**Records supplied:**
+ + + + +

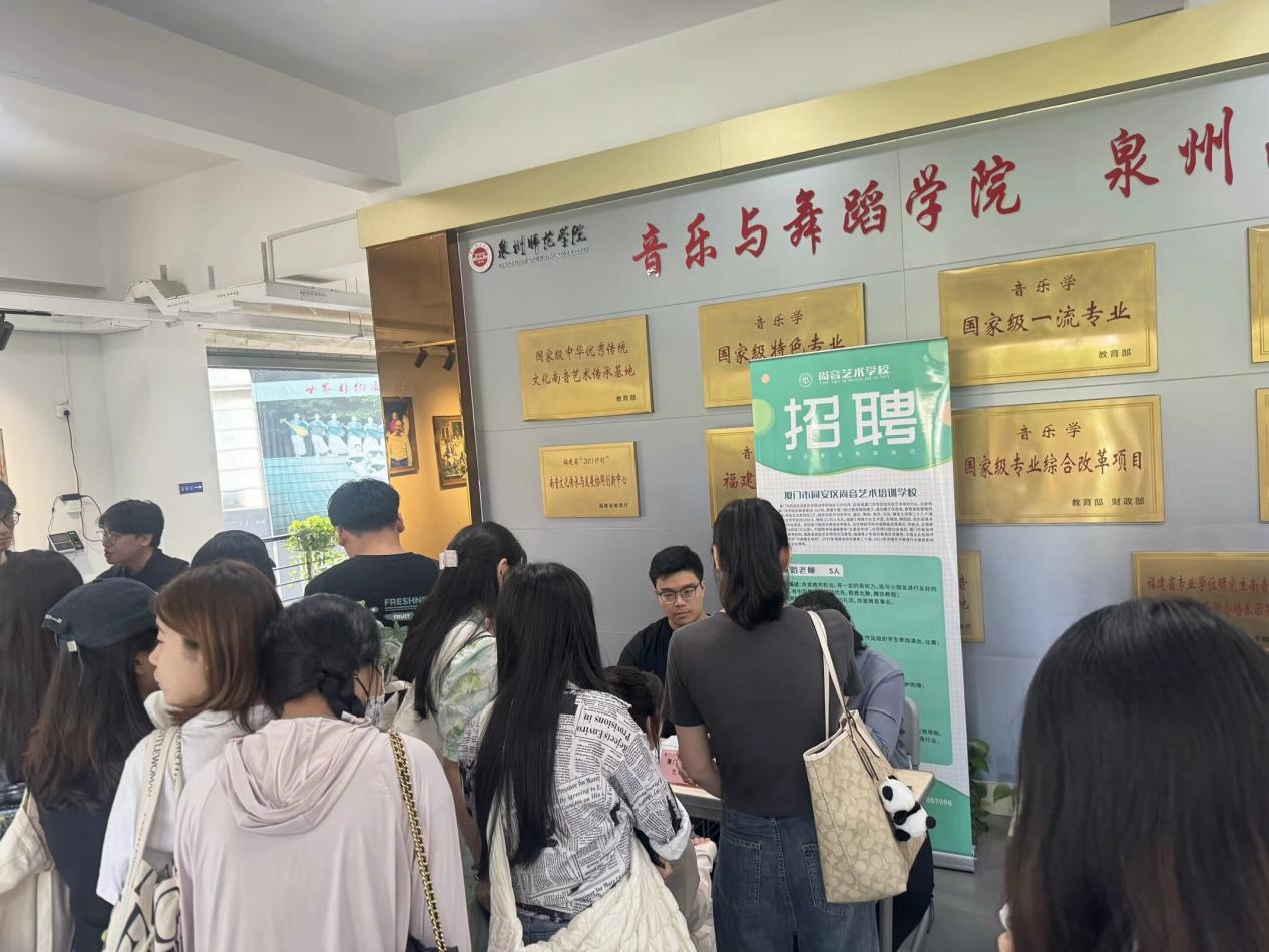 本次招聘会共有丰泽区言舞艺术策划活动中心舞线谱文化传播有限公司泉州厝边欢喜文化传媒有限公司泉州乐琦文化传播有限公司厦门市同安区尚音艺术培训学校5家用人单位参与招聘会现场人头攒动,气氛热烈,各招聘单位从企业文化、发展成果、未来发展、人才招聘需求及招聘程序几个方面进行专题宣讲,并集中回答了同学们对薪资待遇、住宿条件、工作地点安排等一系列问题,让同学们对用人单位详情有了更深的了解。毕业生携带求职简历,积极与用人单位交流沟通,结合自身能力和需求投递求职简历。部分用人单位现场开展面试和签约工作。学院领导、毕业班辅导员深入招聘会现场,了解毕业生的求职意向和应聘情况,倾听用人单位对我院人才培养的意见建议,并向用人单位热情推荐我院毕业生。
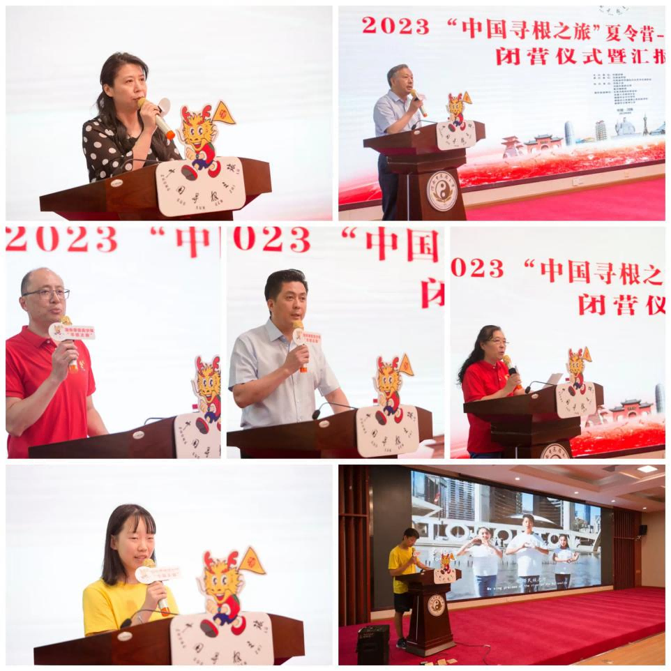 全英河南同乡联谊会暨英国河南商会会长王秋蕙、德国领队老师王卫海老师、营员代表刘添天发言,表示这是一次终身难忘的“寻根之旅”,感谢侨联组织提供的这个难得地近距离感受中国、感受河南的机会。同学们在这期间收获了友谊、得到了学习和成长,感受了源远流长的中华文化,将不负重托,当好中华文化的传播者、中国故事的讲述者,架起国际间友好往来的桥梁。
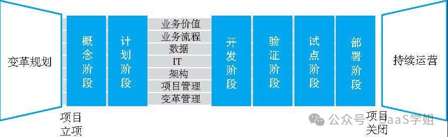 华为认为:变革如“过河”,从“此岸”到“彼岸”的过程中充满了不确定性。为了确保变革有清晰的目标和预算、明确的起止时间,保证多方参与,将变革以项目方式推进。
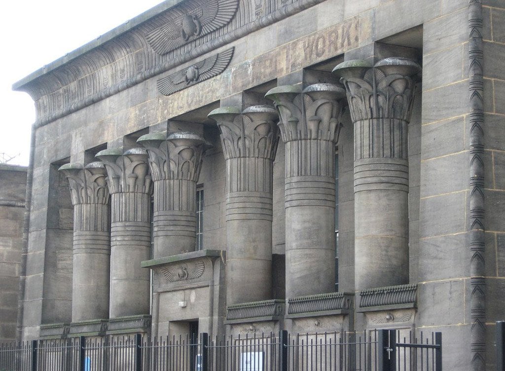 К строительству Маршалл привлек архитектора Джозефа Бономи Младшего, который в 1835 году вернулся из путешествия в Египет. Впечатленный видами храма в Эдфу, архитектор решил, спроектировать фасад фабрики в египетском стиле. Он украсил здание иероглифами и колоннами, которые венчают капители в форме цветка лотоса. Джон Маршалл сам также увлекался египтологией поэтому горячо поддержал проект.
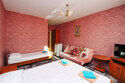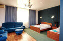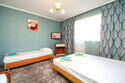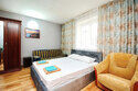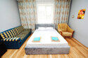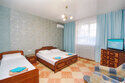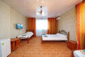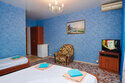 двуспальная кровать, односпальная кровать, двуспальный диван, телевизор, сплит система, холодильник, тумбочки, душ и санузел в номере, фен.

+ + + + +

**Task statement:**
The material above is to be output exactly, with each picture left out.

**Result of the exercise:**
 本次招聘会共有丰泽区言舞艺术策划活动中心舞线谱文化传播有限公司泉州厝边欢喜文化传媒有限公司泉州乐琦文化传播有限公司厦门市同安区尚音艺术培训学校5家用人单位参与招聘会现场人头攒动,气氛热烈,各招聘单位从企业文化、发展成果、未来发展、人才招聘需求及招聘程序几个方面进行专题宣讲,并集中回答了同学们对薪资待遇、住宿条件、工作地点安排等一系列问题,让同学们对用人单位详情有了更深的了解。毕业生携带求职简历,积极与用人单位交流沟通,结合自身能力和需求投递求职简历。部分用人单位现场开展面试和签约工作。学院领导、毕业班辅导员深入招聘会现场,了解毕业生的求职意向和应聘情况,倾听用人单位对我院人才培养的意见建议,并向用人单位热情推荐我院毕业生。
 全英河南同乡联谊会暨英国河南商会会长王秋蕙、德国领队老师王卫海老师、营员代表刘添天发言,表示这是一次终身难忘的“寻根之旅”,感谢侨联组织提供的这个难得地近距离感受中国、感受河南的机会。同学们在这期间收获了友谊、得到了学习和成长,感受了源远流长的中华文化,将不负重托,当好中华文化的传播者、中国故事的讲述者,架起国际间友好往来的桥梁。
 华为认为:变革如“过河”,从“此岸”到“彼岸”的过程中充满了不确定性。为了确保变革有清晰的目标和预算、明确的起止时间,保证多方参与,将变革以项目方式推进。
 К строительству Маршалл привлек архитектора Джозефа Бономи Младшего, который в 1835 году вернулся из путешествия в Египет. Впечатленный видами храма в Эдфу, архитектор решил, спроектировать фасад фабрики в египетском стиле. Он украсил здание иероглифами и колоннами, которые венчают капители в форме цветка лотоса. Джон Маршалл сам также увлекался египтологией поэтому горячо поддержал проект.
 двуспальная кровать, односпальная кровать, двуспальный диван, телевизор, сплит система, холодильник, тумбочки, душ и санузел в номере, фен.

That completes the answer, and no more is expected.